> [Exercise brief]: In the data below, restate exactly the lines from the one with "简单软化形状从微水泥中获取有" to the final line, both included, but not the pictures.

> [Excerpted records]:
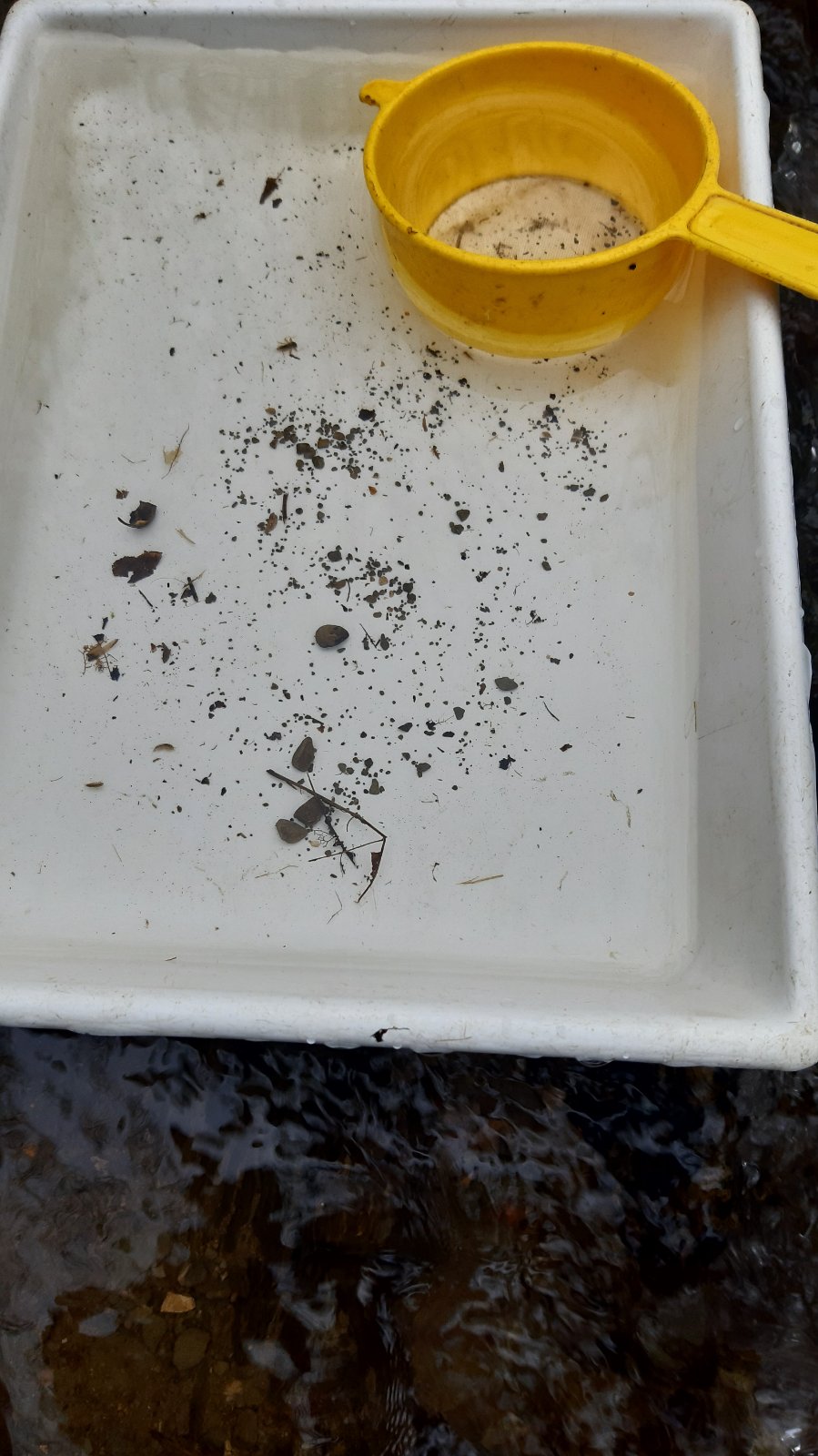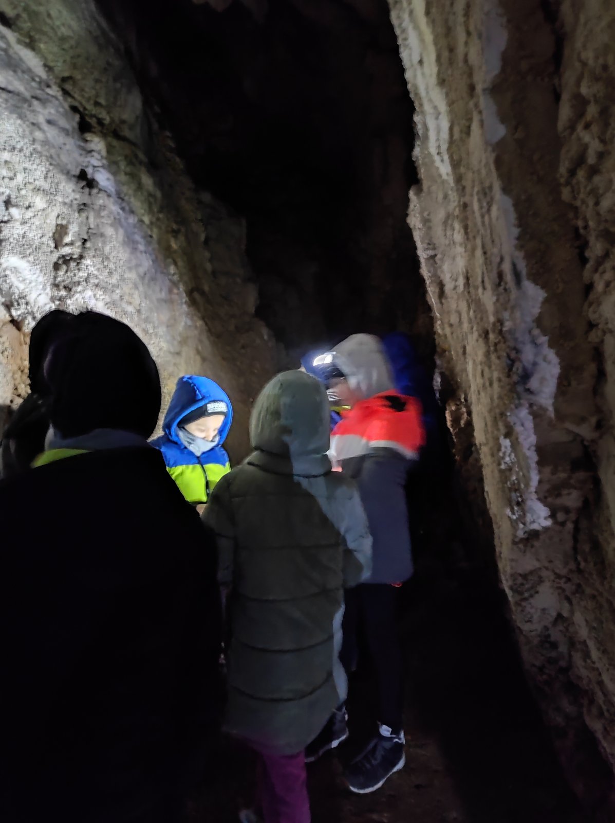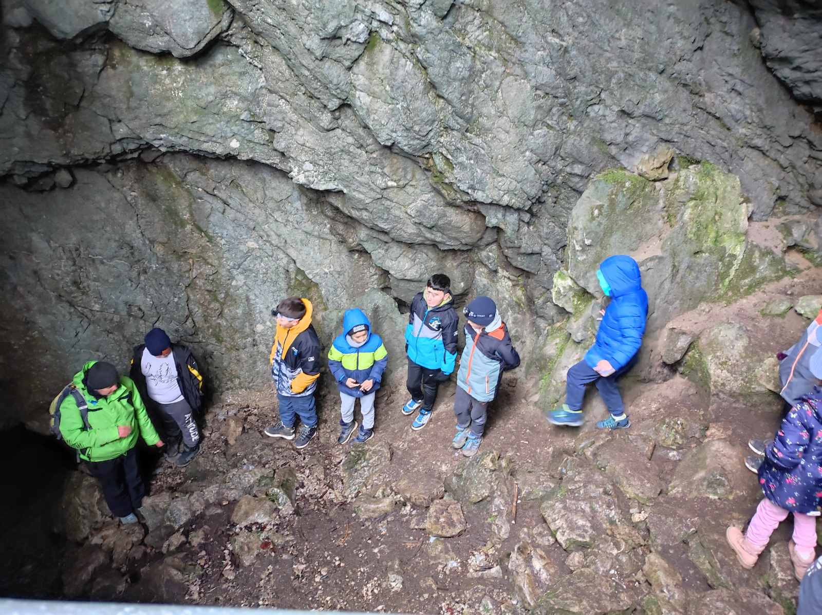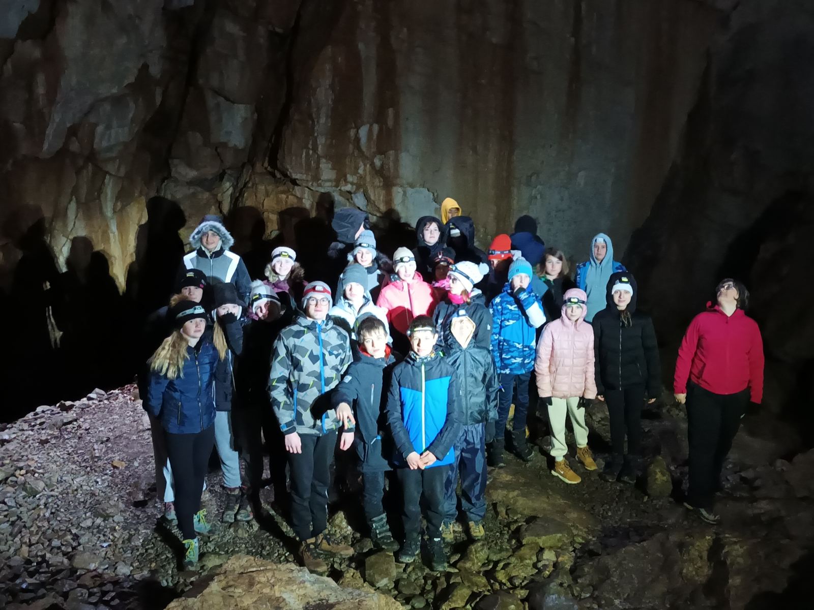 Dopoldne smo obiskali bližnjo Kavkno jamo, približno 100 m dolgo kraško jamo in pri potoku raziskovali vodne organizme.
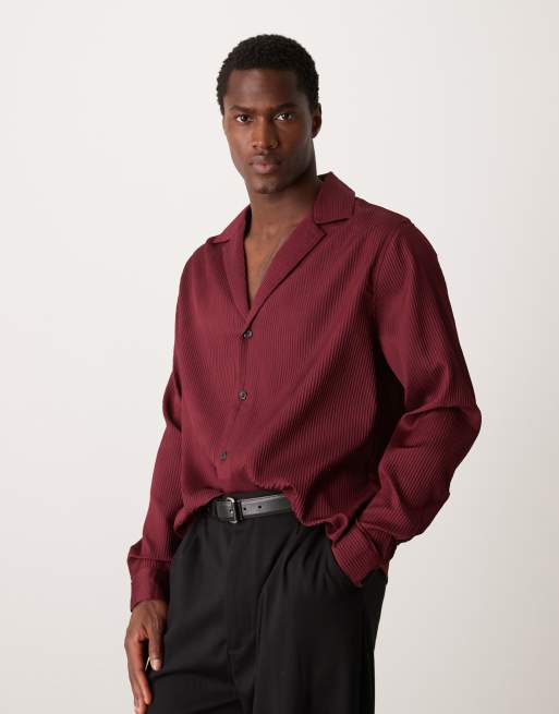 ASOS DESIGN – Plissiertes, kastiges Oversize-Hemd in Rot
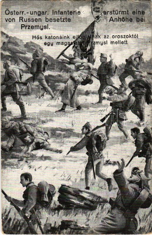 Leírás: Hős katonáink elfoglalnak az oroszoktól egy magaslatot Przmysl mellett / WWI K.u.K. military art postcard (EK)
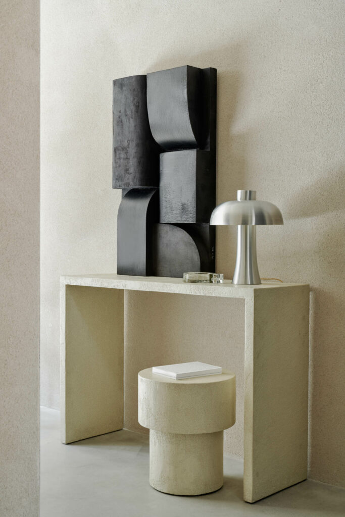 简单软化形状从微水泥中获取有机石形纹理,每块手工完成并独有离白咖啡桌、蘑菇形侧台和机台超出视觉吸引力-也易清理
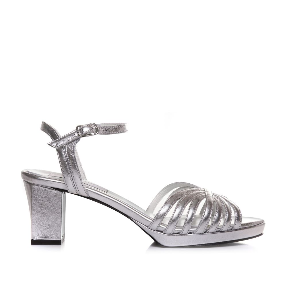 Sandale elegante din piele naturală argintie cu toc mic, Veronesse Luana/217
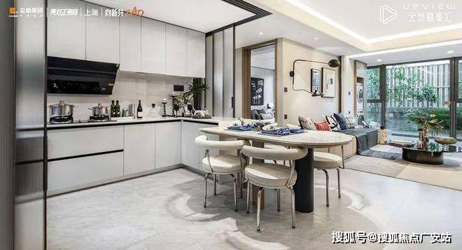 LDKB一体化设计。通过金属玻璃移门和岛台联动,达成餐厨一体,增加家庭成员互动。烟道外置以及S墙内嵌设计,优化空间布局,提升台面使用感和转角柜使用频率。

> [Solution to this task]:
 简单软化形状从微水泥中获取有机石形纹理,每块手工完成并独有离白咖啡桌、蘑菇形侧台和机台超出视觉吸引力-也易清理
 Sandale elegante din piele naturală argintie cu toc mic, Veronesse Luana/217
 LDKB一体化设计。通过金属玻璃移门和岛台联动,达成餐厨一体,增加家庭成员互动。烟道外置以及S墙内嵌设计,优化空间布局,提升台面使用感和转角柜使用频率。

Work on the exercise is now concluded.